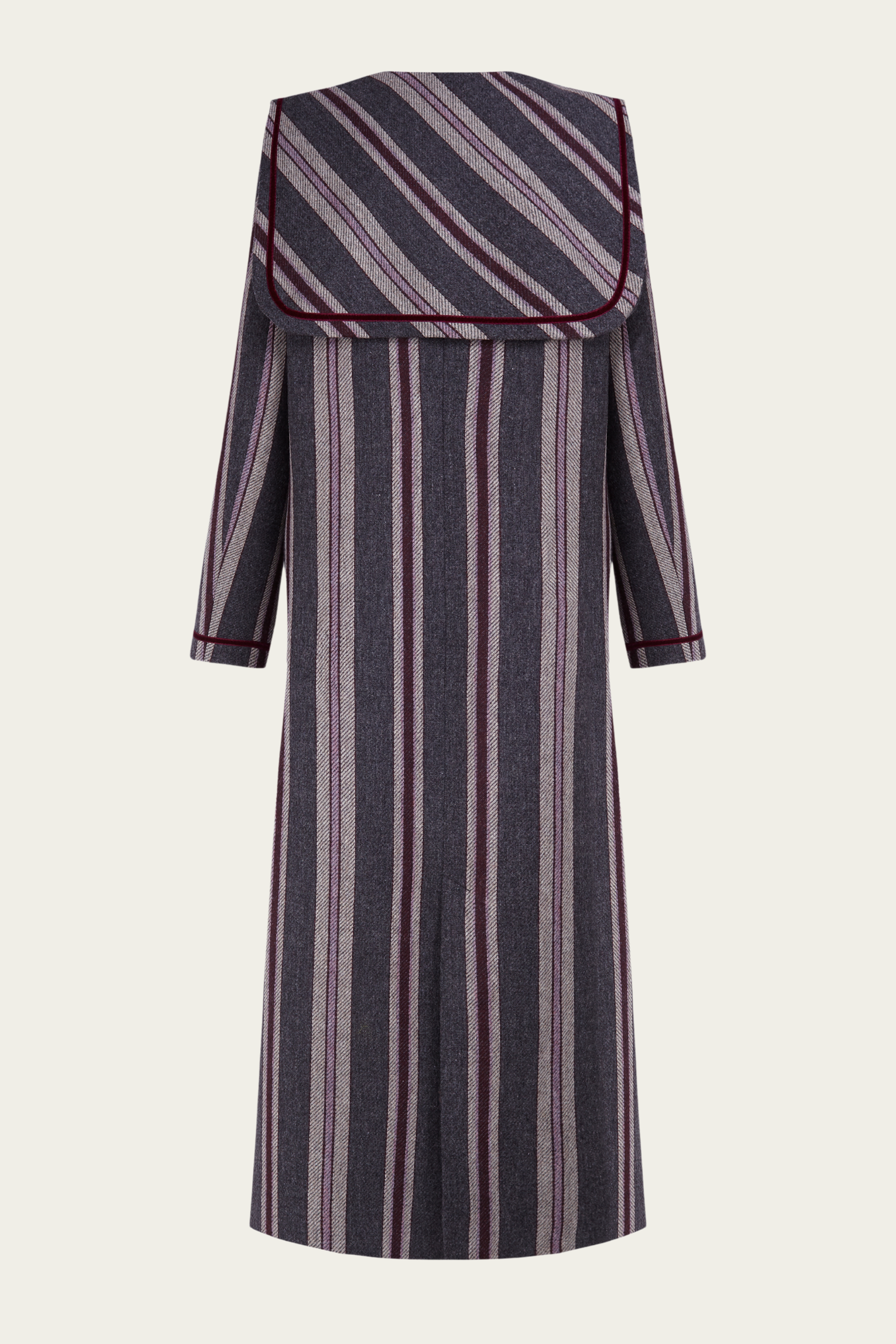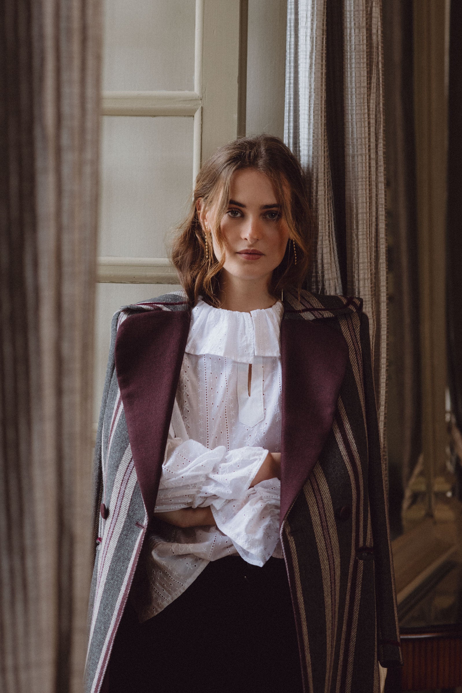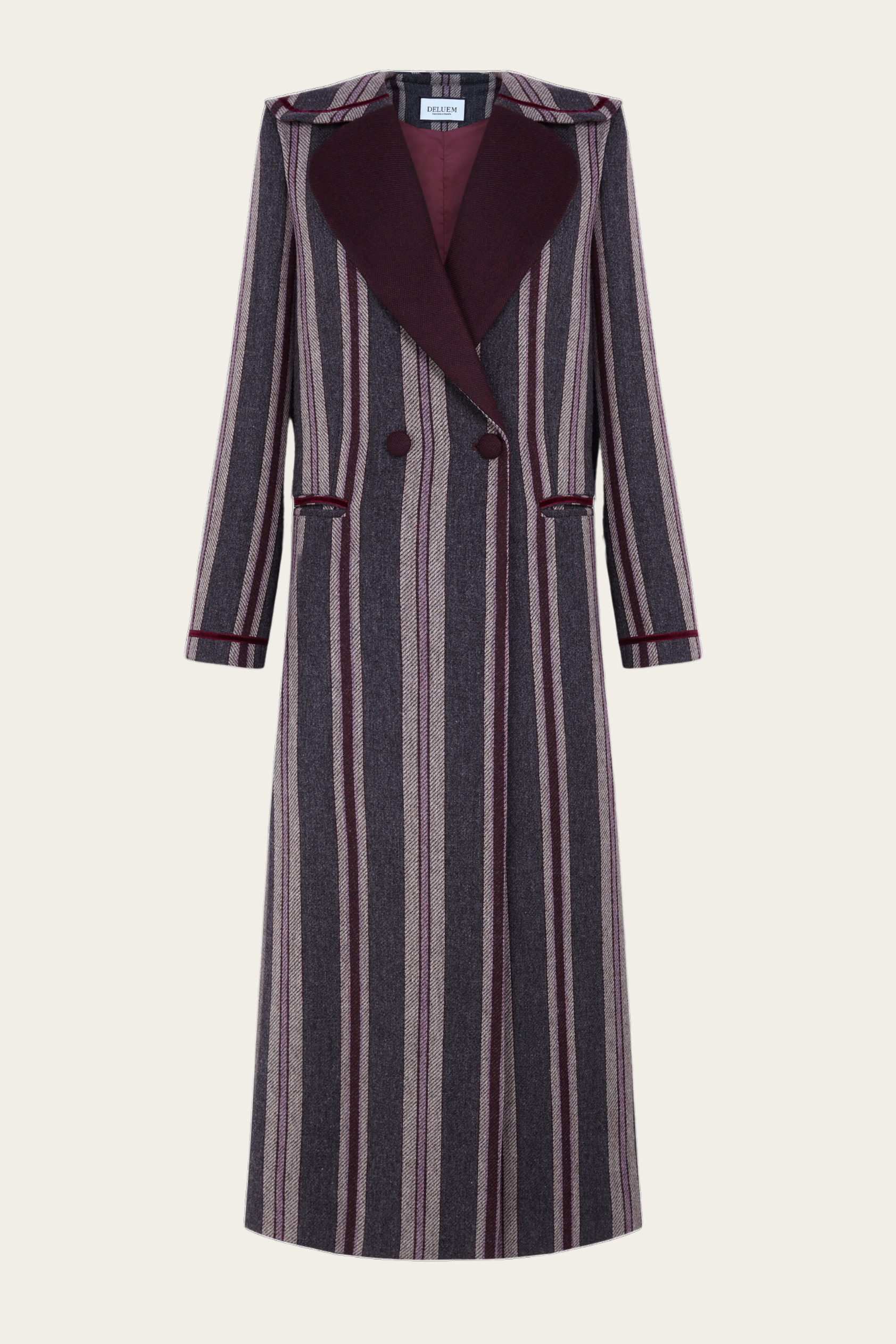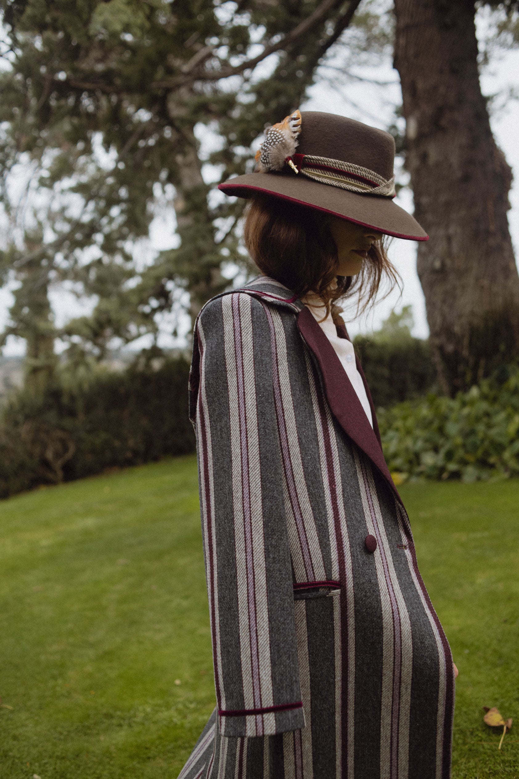 El abrigo James combina rayas en tonos burdeos y grises, juega con texturas que añaden profundidad y personalidad a la prenda, mientras que su solapa en cashmere burdeos a contraste refuerza su aire tradicional y elegante.
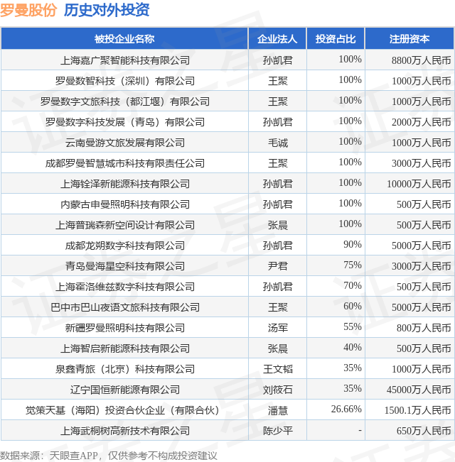 证券之星消息,根据天眼查APP显示,罗曼股份(605289.SH)新增一起对外投资事件,被投资公司为泉鑫青旅(北京)科技有限公司,法定代表人王文韬,投资占比为35%。该公司从事软件和信息技术服务业,注册资本为1000万人民币。目前,罗曼股份共存在对外投资19项,详见下表:
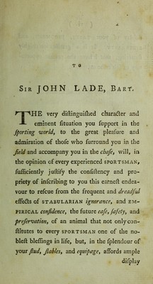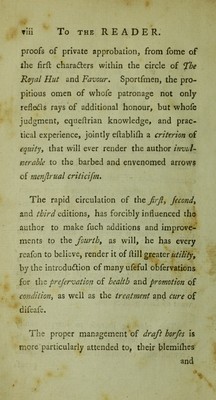 The gentleman's stable directory; or, modern system of farriery. : comprehending the present entire improved mode of practice: likewise all the most valuable prescriptions and approved remedies ... interspersed with occasional remarks upon the dangerous and almost obsolete practice of Gibson, Bracken, Bartlet, Osmer, and others. Also directions for feeding, bleeding, purging, and getting into condition for the chase. To which are now added, useful instructions for buying and selling; with an appendix, containing experimental observations upon the management of draft horses, their blemishes and defects. Inscribed to Sir John Lade, Bart. / by William Taplin.
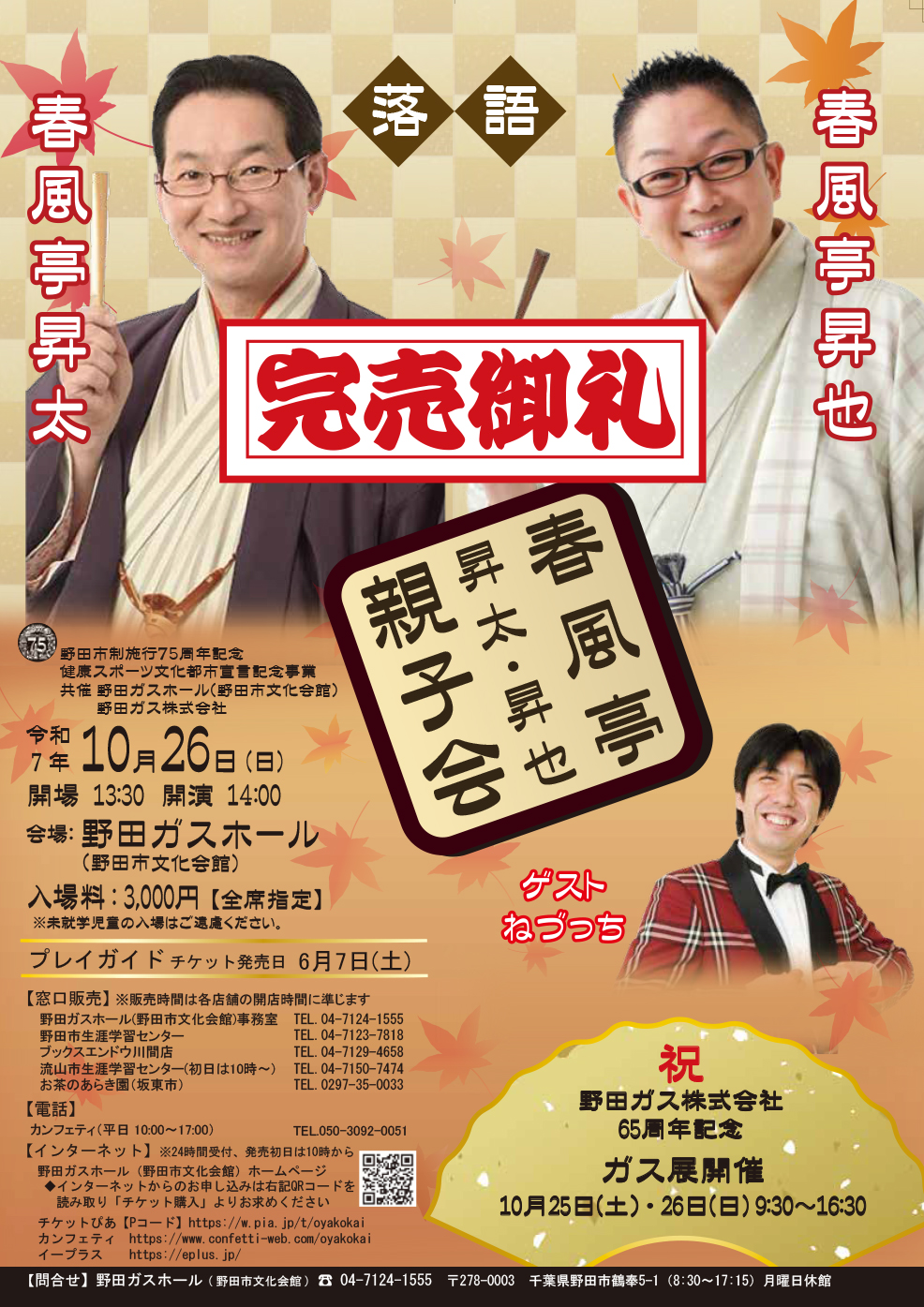チケット取扱い | 【窓口販売】 [野田ガスホール(野田市文化会館)] 04-7124-1555 ※月曜日、年末年始休館 [野田市生涯学習センター]04-7123-7818 ※年末年始休館 [ブックスエンドウ川間店]04-7129-4658 ※店舗休業日に準ず [流山市生涯学習センター]04-7150-7474 ※初日は10時から。第三水曜日、年末年始休館 [お茶のあらき園(坂東市)]0297-35-0033 ※店舗休業日に準ず 【電話予約】 [カンフェティ]050-3092-0051(平日10:00~17:00※オペレーター対応) 【WEB予約】 [野田ガスホール]ホームページ https://www.noda-bunka.jp [チケットぴあ]https://w.pia.jp/t/ [カンフェティ]https://www.confetti-web.com/@/ [カンフェティ]https://eplus.jp/ |

TASK TO CARRY OUT
Would you restate word for word each line from the one that holds "The gentleman's stable" to the end of the material, both ends included, without the pictures?

RESPONSE FOR THIS EXERCISE
 The gentleman's stable directory; or, modern system of farriery. : comprehending the present entire improved mode of practice: likewise all the most valuable prescriptions and approved remedies ... interspersed with occasional remarks upon the dangerous and almost obsolete practice of Gibson, Bracken, Bartlet, Osmer, and others. Also directions for feeding, bleeding, purging, and getting into condition for the chase. To which are now added, useful instructions for buying and selling; with an appendix, containing experimental observations upon the management of draft horses, their blemishes and defects. Inscribed to Sir John Lade, Bart. / by William Taplin.
チケット取扱い | 【窓口販売】 [野田ガスホール(野田市文化会館)] 04-7124-1555 ※月曜日、年末年始休館 [野田市生涯学習センター]04-7123-7818 ※年末年始休館 [ブックスエンドウ川間店]04-7129-4658 ※店舗休業日に準ず [流山市生涯学習センター]04-7150-7474 ※初日は10時から。第三水曜日、年末年始休館 [お茶のあらき園(坂東市)]0297-35-0033 ※店舗休業日に準ず 【電話予約】 [カンフェティ]050-3092-0051(平日10:00~17:00※オペレーター対応) 【WEB予約】 [野田ガスホール]ホームページ https://www.noda-bunka.jp [チケットぴあ]https://w.pia.jp/t/ [カンフェティ]https://www.confetti-web.com/@/ [カンフェティ]https://eplus.jp/ |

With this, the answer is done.